RECORDED INFORMATION –
■ ■ ■ ■ ■

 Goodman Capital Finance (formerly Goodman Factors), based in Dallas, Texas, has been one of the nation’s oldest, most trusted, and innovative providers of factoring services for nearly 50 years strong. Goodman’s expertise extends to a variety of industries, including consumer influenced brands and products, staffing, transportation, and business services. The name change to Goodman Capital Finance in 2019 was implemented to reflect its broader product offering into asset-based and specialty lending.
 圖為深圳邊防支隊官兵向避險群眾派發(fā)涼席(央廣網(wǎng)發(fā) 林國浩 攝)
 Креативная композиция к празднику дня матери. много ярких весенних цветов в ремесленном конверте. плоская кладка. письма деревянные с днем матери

■ ■ ■ ■ ■

ASSIGNMENT –
Copy out exactly the lines from the line with "圖為深圳邊防支隊官兵向避險群眾派發(fā)涼席(央廣網(wǎng)發(fā) 林國浩 攝)" to the end of the listing, including both of those lines, and give nothing else.

SOLVED EXERCISE –
 圖為深圳邊防支隊官兵向避險群眾派發(fā)涼席(央廣網(wǎng)發(fā) 林國浩 攝)
 Креативная композиция к празднику дня матери. много ярких весенних цветов в ремесленном конверте. плоская кладка. письма деревянные с днем матери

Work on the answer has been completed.